Dataset -

____

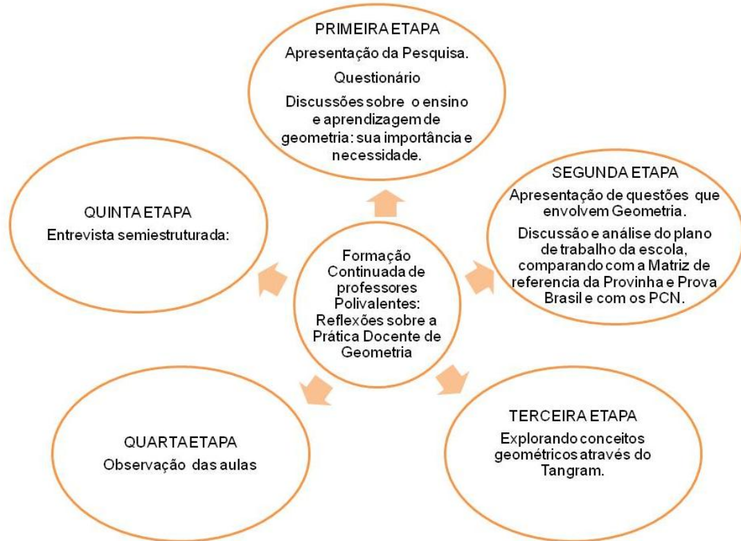
Figura 1- Esquema da pesquisa
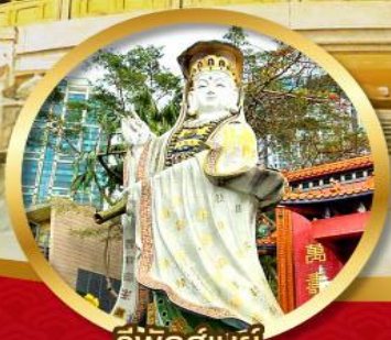
รีพัลส์เบย์
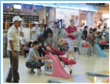
ふれあい福祉ボウリング大会

障がい児への支援事業としては、夏休みの期間中に児童を預かり、室内活動やバス外出を行う「障がい児学童支援事業」や療育支援を目的とした「リトミック教室」、季節行事である「ふれあい福祉クリスマス会」を実施いたしました。
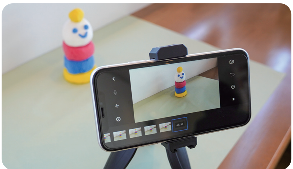
粘土の形や色が変わっていく過程をアプリで撮影するだけで、クレイアニメを作成できる方法を紹介

明星大学教育学部は2021年11月、第19回教育・保育セミナーを開催。参加した保育関係者など17名が、クレイアニメと呼ばれる粘土とスマートフォンを使ったストップモーション・アニメーションに挑戦しました。
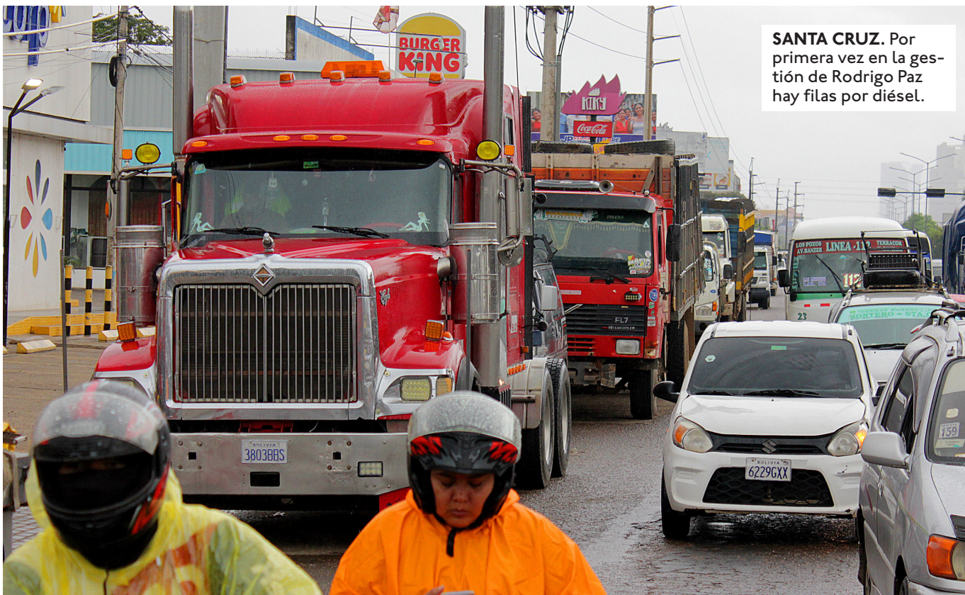
SANTA CRUZ. Por primera vez en la gestión de Rodrigo Paz hay filas por diésel.

LA CÁMARA AGROPECUARIA DEL ORIENTE PIDIÓ AL GOBIERNO DAR SOLUCIÓN AL ABASTECIMIENTO DE DIÉSEL PARA EVITAR PÉRDIDAS EN LA PRODUCCIÓN.
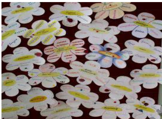
Рисунок 6 — «Полянка ромашек»

В е д у щ и й. Наша игра называется «Кто позвал?».
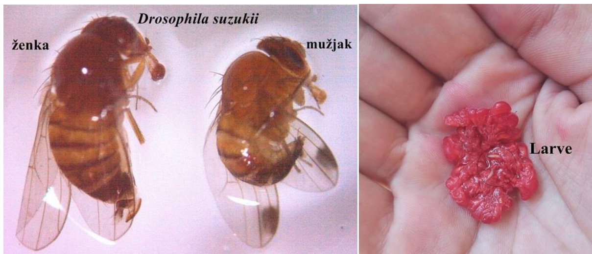
SLIKA 1. ODRASLE JEDINKE I LARVE U PLODOVIMA MALINE

AZIJSKA VOĆNA MUŠICA JE ŠTETOČINA JAGODIČASTOG VOĆA, KOŠTIČAVOG VOĆA I VINOVE LOZE. BILJNE VRSTE NA KOJIMA SE HRANI OVA VOĆNA MUŠICA U OPASNOSTI SU I NAJOSETLJIVIJE SU U VREME ZRENJA. ŠTETE KOJE MOŽE DA IZAZOVE SU I DO 100%. ŽENKE POLAŽU JAJA U ZDRAVE PLODOVE U FAZI ZRENJA. USLED ISHRANE LARVI PLODOVI POTPUNO PROPADAJU.
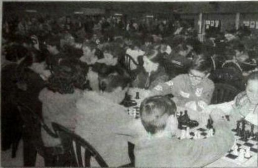
Alta Ourense se achegaron clubs de toda Galicia, norte de Portugal e Castela e León.
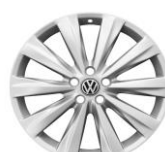
Легкосплавные колеса "Las Minas" 6J x 16 Опционально для Status и Exclusive
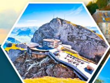
ยอดเขาพิลาตัส
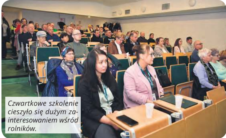
Czwartkowe szkolenie cieszyło się dużym zainteresowaniem wśród rolników.

Rolnicy – podobnie jak inni przedsiębiorcy – muszą przygotować się na wprowadzenie Krajowego Systemu e-Faktur (KSeF). O zmianach w przepisach i nowych obowiązkach od 2026 roku mówiono podczas szkolenia zorganizowanego w Tucholi dla rolników z powiatu tucholskiego przez Urząd Skarbowy w Tucholi oraz Powiatowy Zespół Doradztwa Rolniczego w Tucholi.
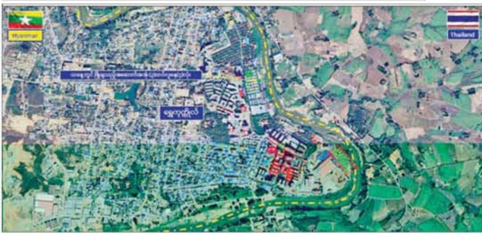
ကရင်ပြည်နယ် မြိတ်မြို့နယ် ရွှေကုက္ကိုလ်နယ်မြေရှိ အွန်လိုင်းလိမ်လည်လောင်းကစားမှုများ လုပ်ကိုင်ခဲ့သည့် တရားမဝင် အဆောက်အအုံများ ဖောက်ခွဲဖျက်ဆီးမှုကို တွေ့ရစဉ်။
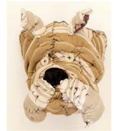
Atelier 5 à Nice - Anne Valérie DUPOND - les animaux en textile
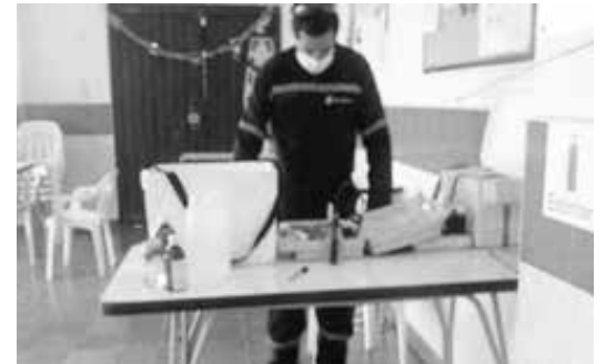
Muestro de agua potable al interior del RSDJ.

Así mismo, en este concepto se lleva a cabo el riego de vías para evitar la generación de material particulado que puede afectar la calidad del aire de la población residente en el sector.
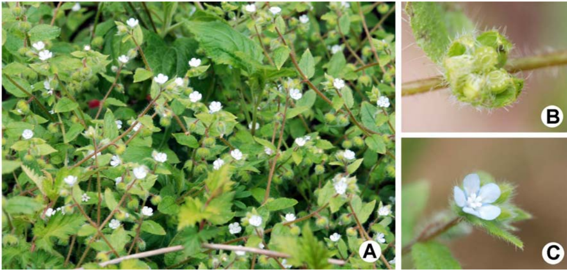
Fig. 1. Photograph of Thyrocarpus glochidiatus Maxim. A. Habit; B. Fruit; C. Flower.

엽은 주걱형으로 엽신이 좁아지면서 엽병처럼 되고, 길이는 4.5–6.0 cm, 너비는 5–8.5 mm 정도 이다. 경생엽은 일반적으로 장타원형이며 무병이다. 화서는 총상화서로 1–2 회 분지하기도 하며, 꽃은 액생 혹은 정생한다. 소화경은 개화기에 1 mm 이하로 매우 짧으며 열매 성숙기에 길이 4–8 mm 정도로 길어진다. 소화경 밑부분에 포엽이 달리며 열매성숙기에 길이 1.5–2 cm, 너비 4.5–7 mm 정도로 좁은 난형 혹은 장타원형이다. 꽃받침은 5개로 장타원상 난형이고 개화기에는 길이 2.5 mm, 너비 1 mm 정도이며, 열매성숙기에는 길이 5.5–6.5 mm, 너비 2.5–3.5 mm 정도로 커진다. 화관은 하늘색 혹은 하얀색이고 길이 3.8 mm 정도로 꽃받침에 비해 약간 더 길다, 관통(tube)은 화관의 2/3정도이고 중상부에 1 mm 정도의 부속체 5개가 있으며 그 밑에 수술이 위치한다. 판연(lobe)은 5 갈래로 반원형이며 벌어진다. 약은 타원형으로 길이 0.5 mm, 너비 0.3 mm 정도이다. 견과는 4개로 흑갈색이며 길이 2.5 mm, 너비 2 mm 정도이고, 견과 가장자리는 두 층으로 된 잔모양의 부속체가 있으며 외층 가장자리는 깊게 갈라져 갈고리모양처럼 되며 정단부는 부풀고, 내층 가장자리는 내부로 축소된다(Fig. 1, 2).
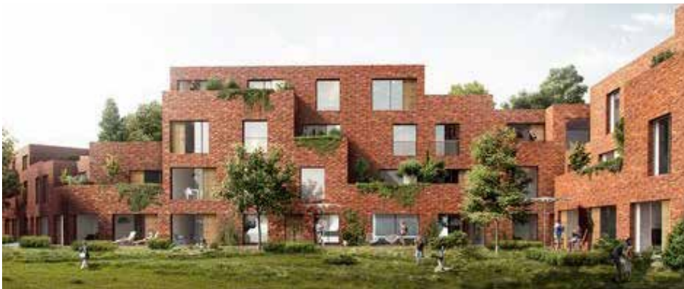
Het gebouw heeft zachte overgangen naar het groen rondom.
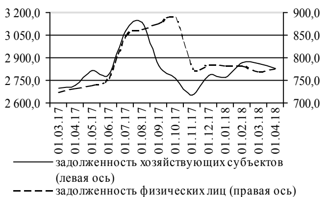
Рис. 4. Динамика задолженности по кредитам, млн руб.

Остаток совокупной задолженности по кредитам и приравненным к ним средствам сократился на 9,1 млн руб. (-0,2%), сложившись на 1 апреля на отметке 4 429,4 млн руб. Ключевым моментом в данной динамике выступило уменьшение задолженности
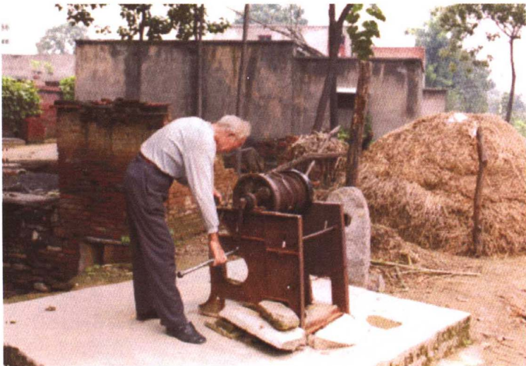
提水。豫西山区，一老汉在打水。 2000年摄于荥阳市
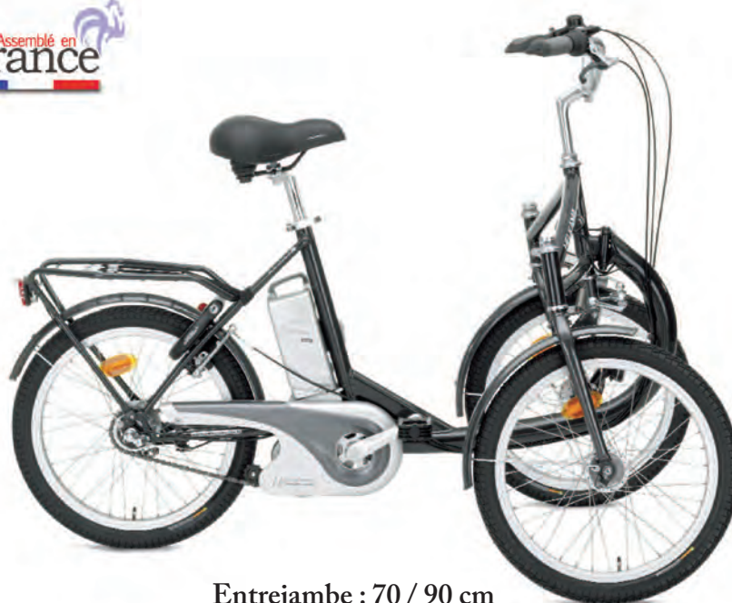
Entrejambe : 70 / 90 cm
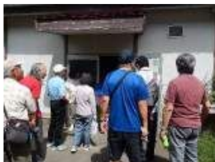
郷土博物館バックヤード探検ツアー
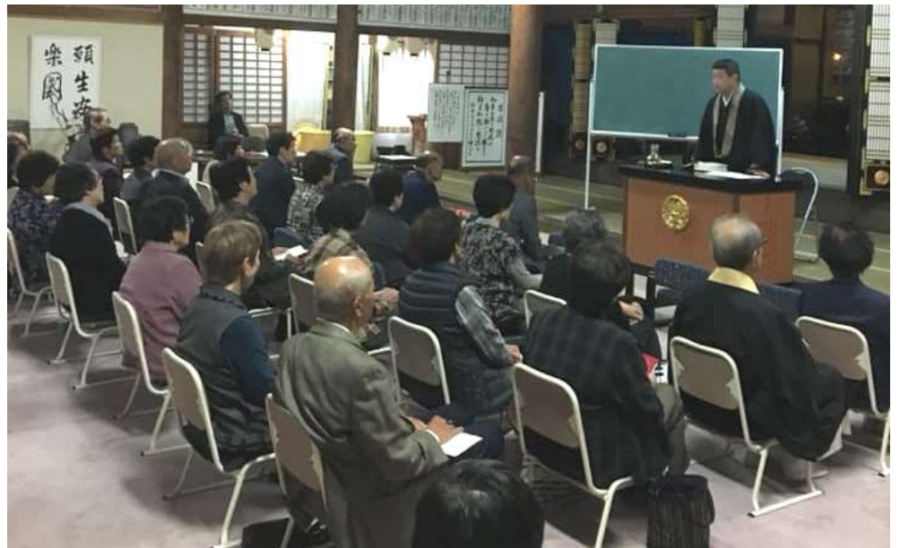
玉永寺報恩講の様子です
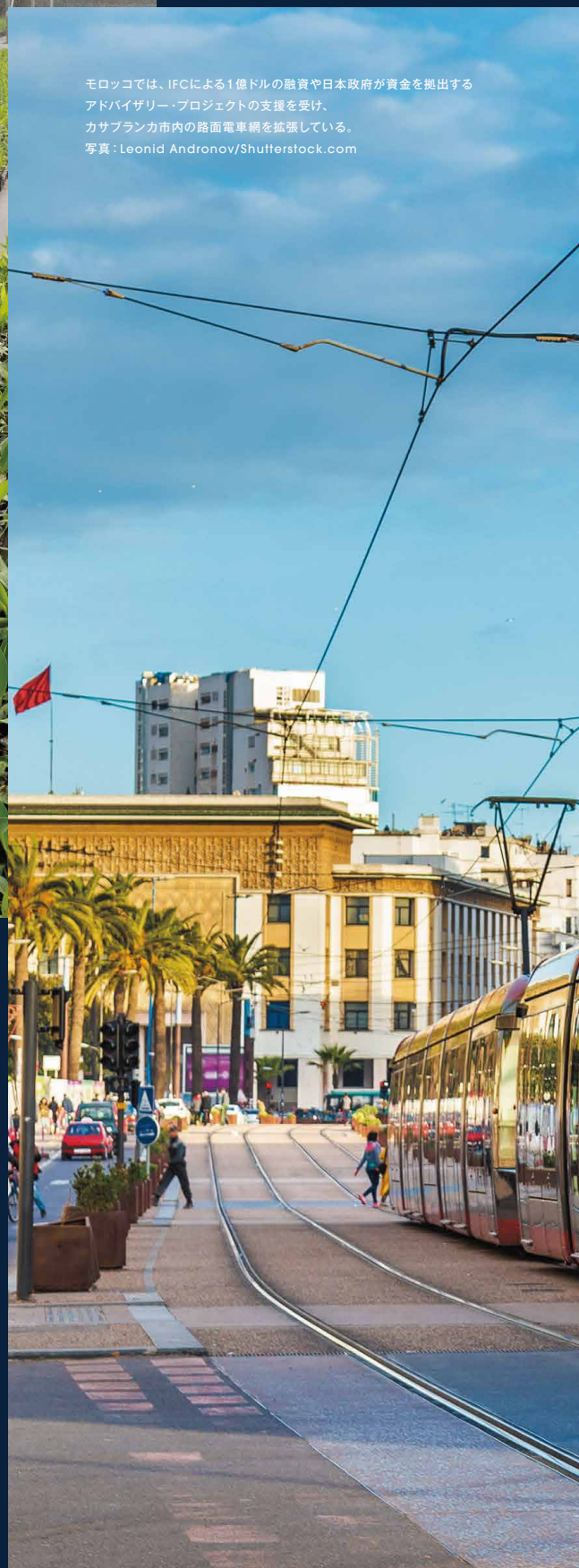
モロッコでは、IFCによる1億ドルの融資や日本政府が資金を拠出する アドバイザー・プロジェクトの支援を受け、 カサブランカ市内の路面電車網を拡張している。

____

Within the records above, count the lines that contain "кредитам" and give only that number.

Response to this task - 2